Imaging SV2A in Mood Disorders

Description

The goal of the study is to determine whether there are alterations in synaptic vesicle glycoprotein 2A (SV2A), a protein expressed ubiquitously in synaptic vesicles, in depression and anxiety and whether ketamine, an N-Methyl-D-aspartate (NMDA) antagonist, normalizes SV2A density at time of its greatest anti-depressant response. This study will conduct an examination of SV2A and associated consequences using neuroreceptor imaging and behavioral techniques for the following aims.

Aim 1: To compare SV2A availability in individuals with MDD, healthy control individuals, bipolar individuals, and individuals with PTSD using APP311 or SDM-8 (aka SynVesT-1) and PET.

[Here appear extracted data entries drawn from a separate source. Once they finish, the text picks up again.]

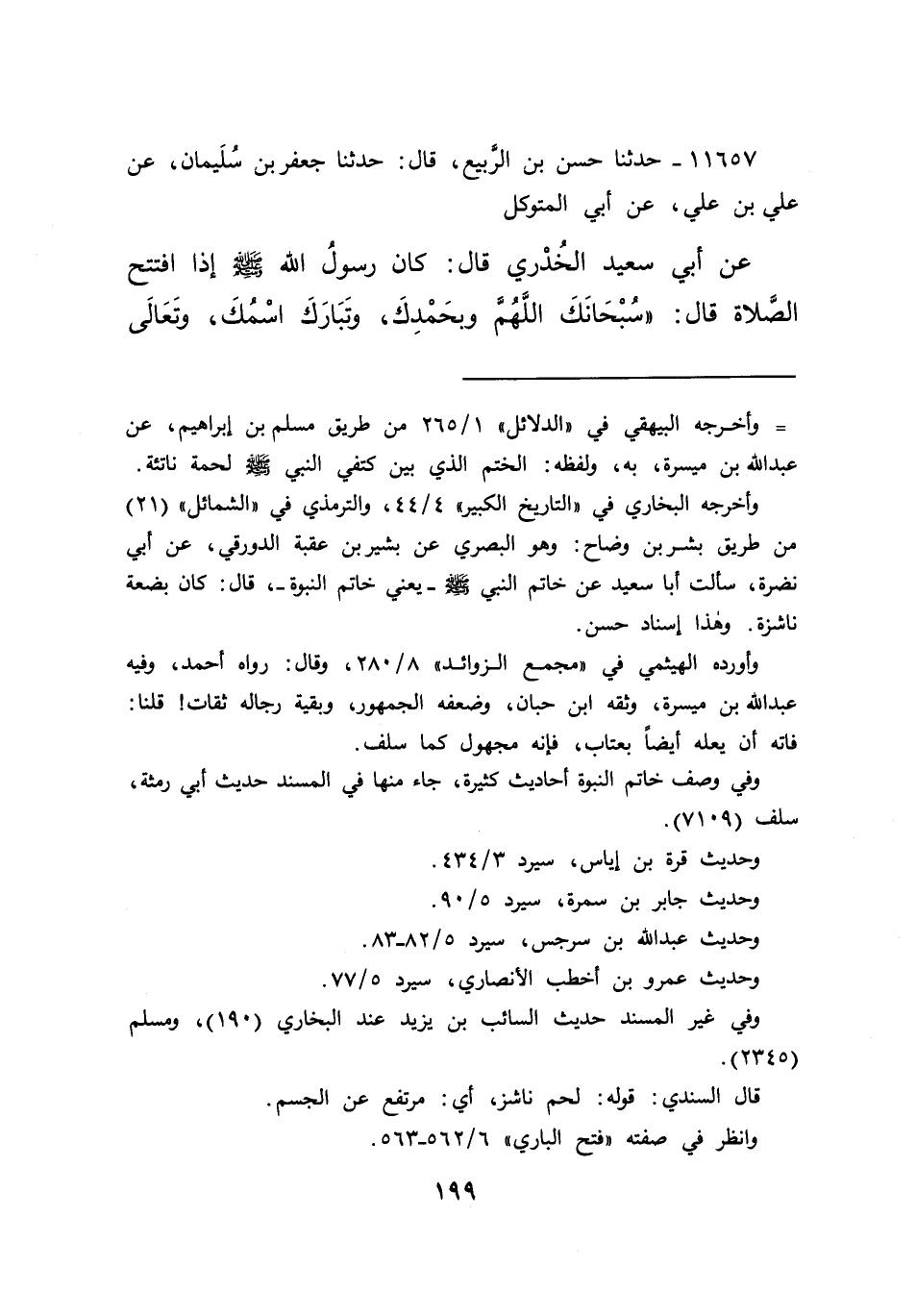 ١١٦٥٧ - حَدَّثَنَا حَسَنُ بْنُ الرَّبِيعِ قَالَ: حَدَّثَنَا جَعْفَرُ بْنُ سُلَيْمَانَ، عَنْ عَلِيِّ بْنِ عَلِيٍّ، عَنْ أَبِي الْمُتَوَكِّلِ، عَنْ أَبِي سَعِيدٍ الْخُدْرِيِّ قَالَ: كَانَ رَسُولُ اللهِ صَلَّى اللهُ عَلَيْهِ وَسَلَّمَ إِذَا افْتَتَحَ الصَّلَاةَ قَالَ " سُبْحَانَكَ اللهُمَّ وَبِحَمْدِكَ، وَتَبَارَكَ اسْمُكَ، وَتَعَالَى
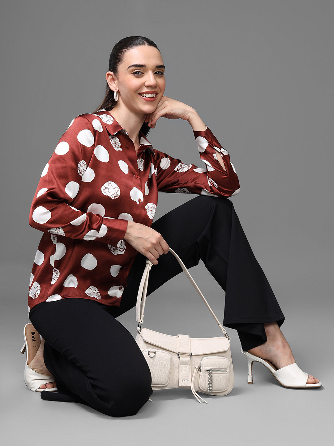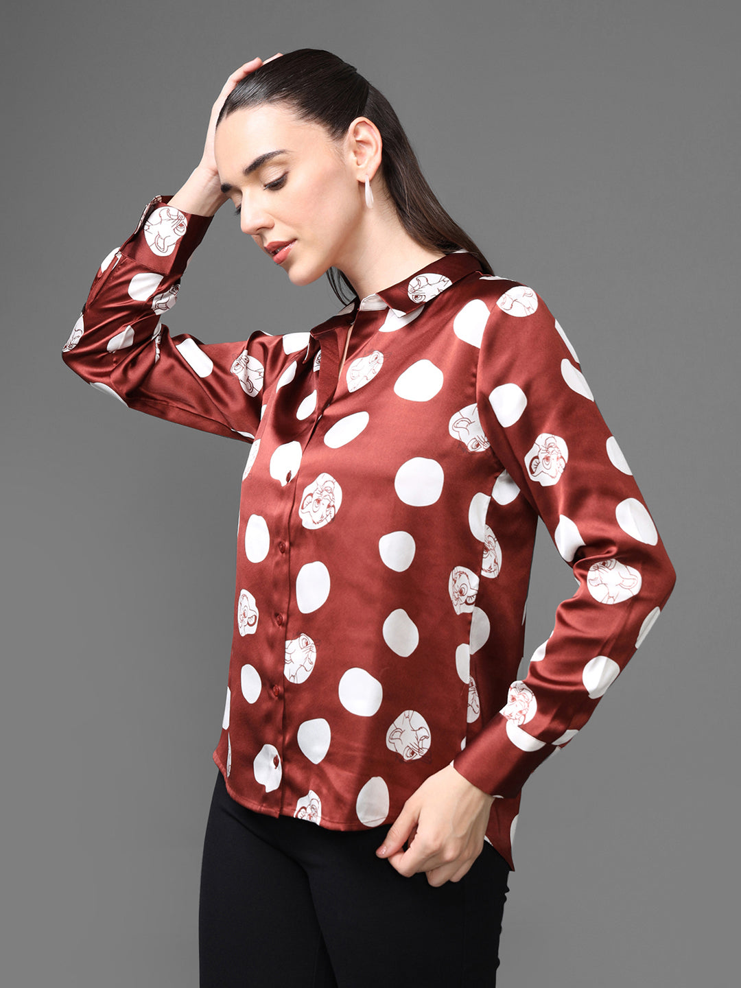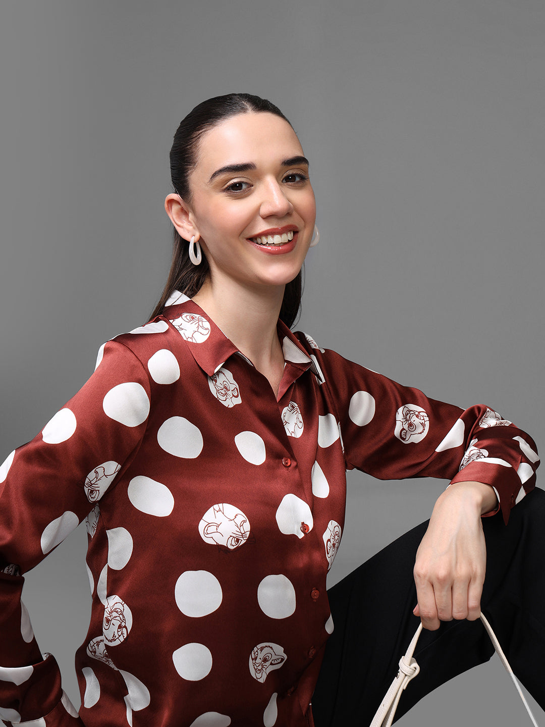 The Disney Simba Shirt brings a playful twist to a classic button-down, featuring bold polka dots paired with charming Simba artwork. Its relaxed silhouette and soft drape make it a fun yet stylish piece for casual outings.
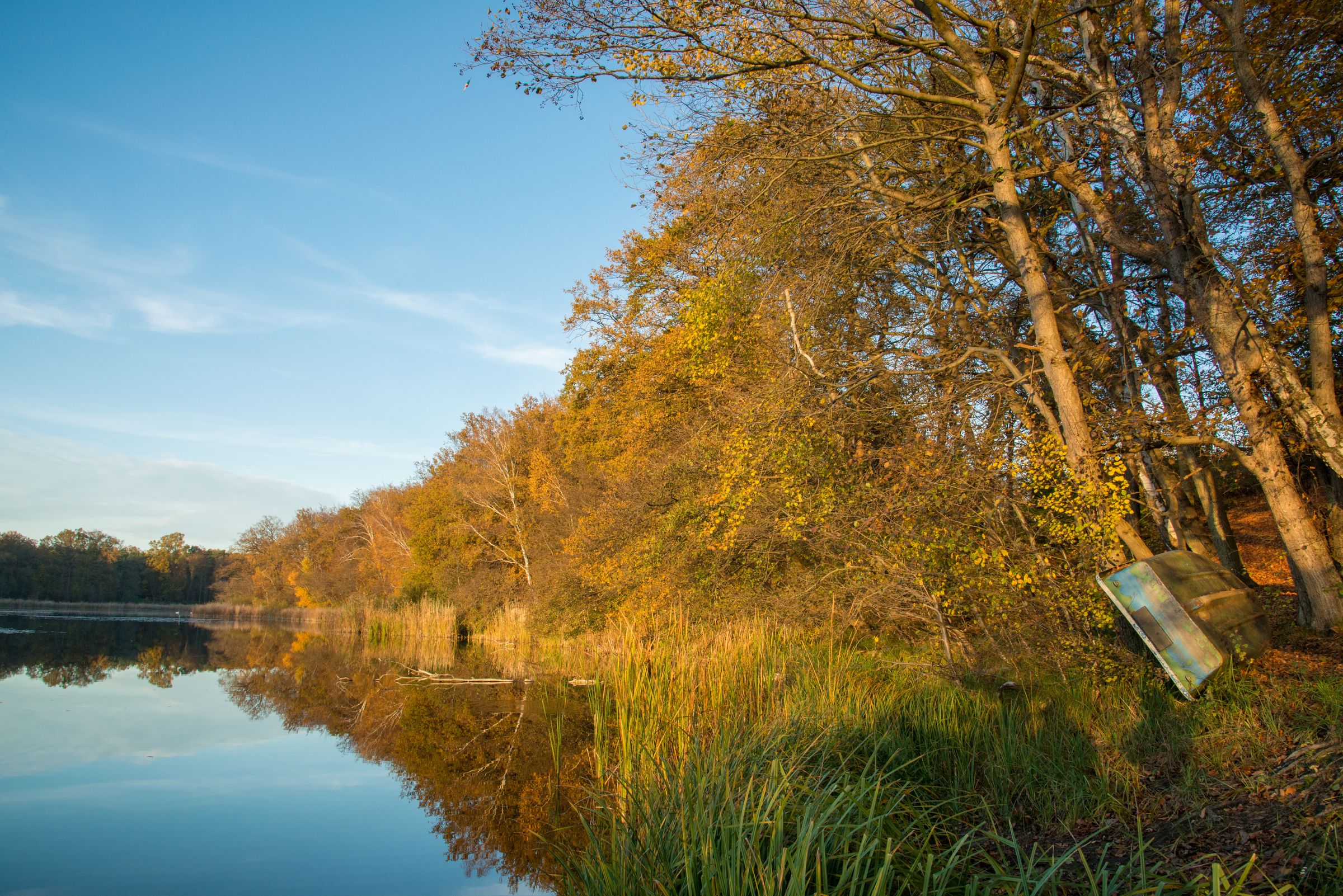 Ufer des Bohnenländer Sees in der Abendsonne bei strahlend blauem Himmel
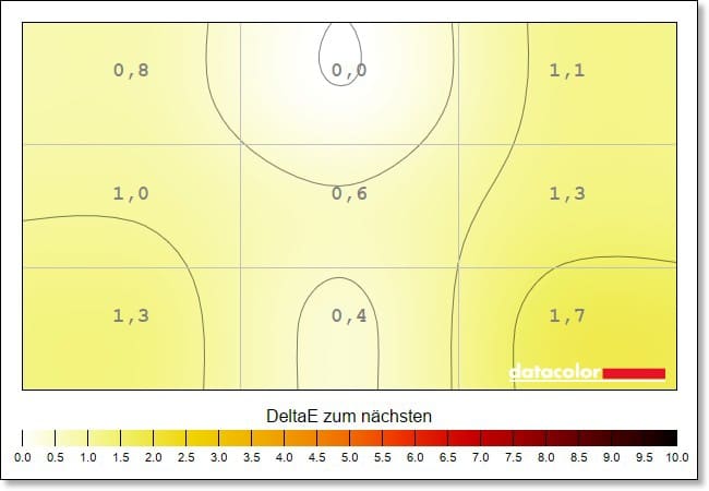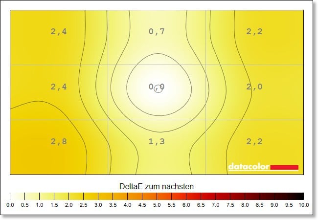 Auch die Farb-Homogenität, die die Ausgeglichenheit der Farbdarstellung aufzeigt, liegt auf exzellentem Niveau und leistet sich bei keiner Einstellung Patzer oder starke Abweichungen. Diese liegen maximal bei Dewlta E 2,8 bei 100 Prozent Helligkeit und nehmen ab, je dunkler du das Display einstellst.
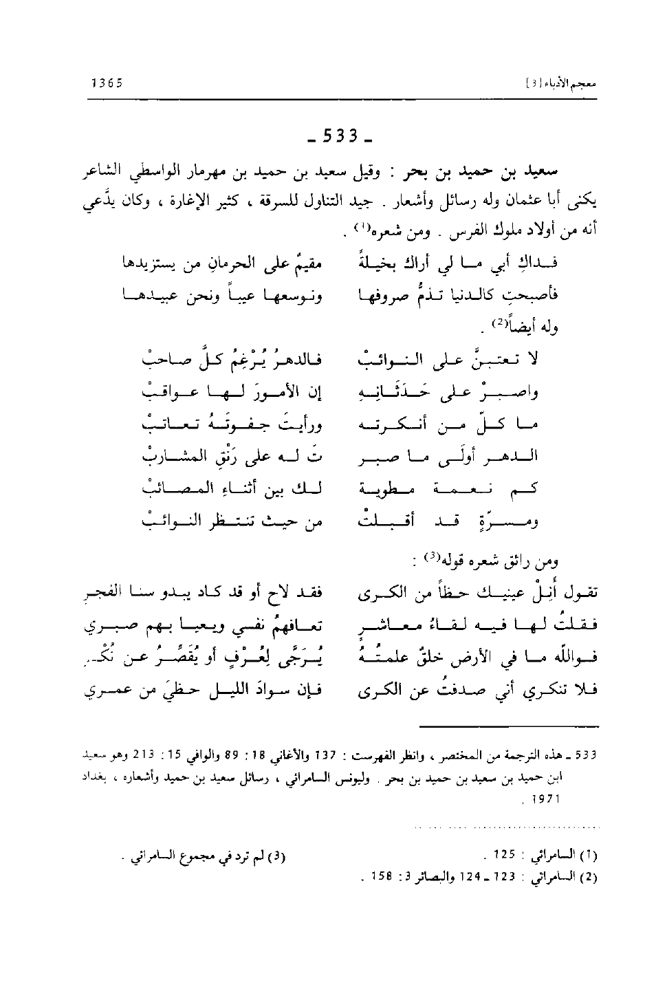 [533]- هذه الترجمة من المختصر، وانظر الفهرست: 137 والأغاني 18: 89 والوافي 15: 213 وهو سعيد ابن حميد بن سعيد بن حميد بن بحر. وليونس السامرائي، رسائل سعيد بن حميد وأشعاره، بغداد 1971.

Hypothesis 1: This study hypothesizes lower SV2A density in MDD, BD, and PTSD in the prefrontal cortex.

Aim 2: To determine whether ketamine administration alters SV2A density in HC, MDD, and PTSD individuals.

Hypothesis 2: This study hypothesizes administration of ketamine will lead to a significant increase in SV2A density in all subject groups (HC, MDD, and PTSD), and this increase will correlate with antidepressant response in individuals with MDD.

Aim 3: To determine the extent of SV2A density changes after prolonged treatment with ketamine in individuals with depression (n=10).

Hypothesis 3: We hypothesize ketamine treatment will increase SV2A density in these individuals. These are individuals who are undergoing ketamine treatment at Yale, CMHC, or surrounding clinics.

Aim 4: To examine changes in SV2A associated with gender within each psychiatric group.